== Exercise directions ==
Reproduce the data below in full and exclude every picture.

== Dataset excerpt ==
-------

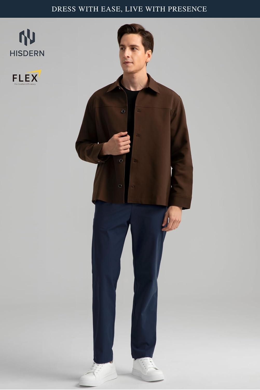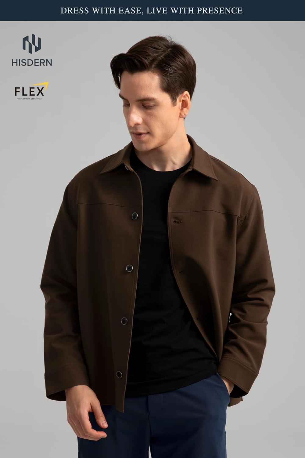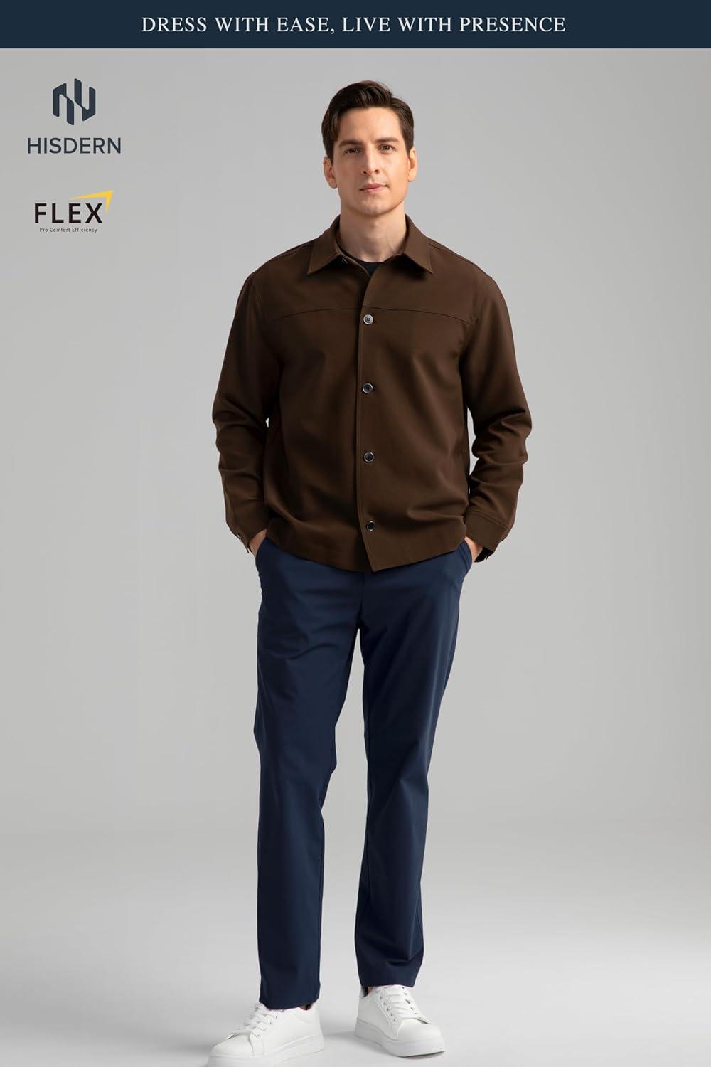 HISDERN FLEX 531 Men’s Button Down Shirt Jacket Comfy Lightweight Design for Business Casual and Social Events with Pockets(Brown)
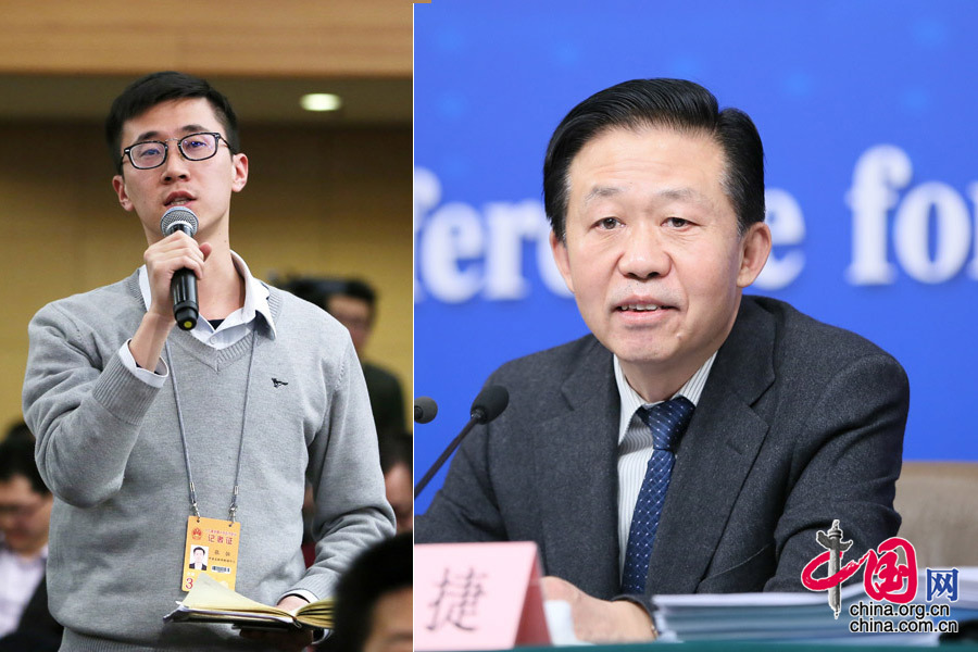 中國網(wǎng)記者向財政部部長肖捷提問。中國網(wǎng) 高聰攝影
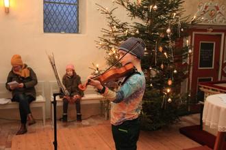 Rudi Bräsel begleitete mit der Bratsche den Gesang von „Kling Glöckchen“.
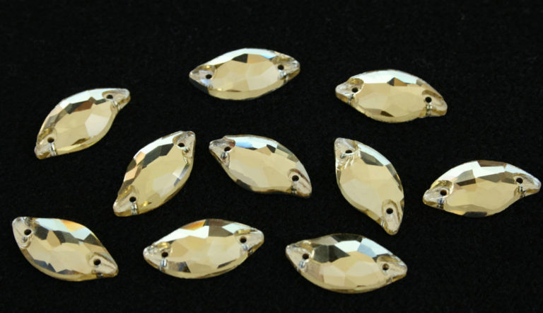 Levél alakú varrható kristálykő halványsárga/pezsgő színben, 10x20 mm-es méretben. Szikrázó, különleges csiszolású kő. Anyaga: kristályüveg.

-------

== Answer to this task ==
 HISDERN FLEX 531 Men’s Button Down Shirt Jacket Comfy Lightweight Design for Business Casual and Social Events with Pockets(Brown)
 中國網(wǎng)記者向財政部部長肖捷提問。中國網(wǎng) 高聰攝影
 Rudi Bräsel begleitete mit der Bratsche den Gesang von „Kling Glöckchen“.
 Levél alakú varrható kristálykő halványsárga/pezsgő színben, 10x20 mm-es méretben. Szikrázó, különleges csiszolású kő. Anyaga: kristályüveg.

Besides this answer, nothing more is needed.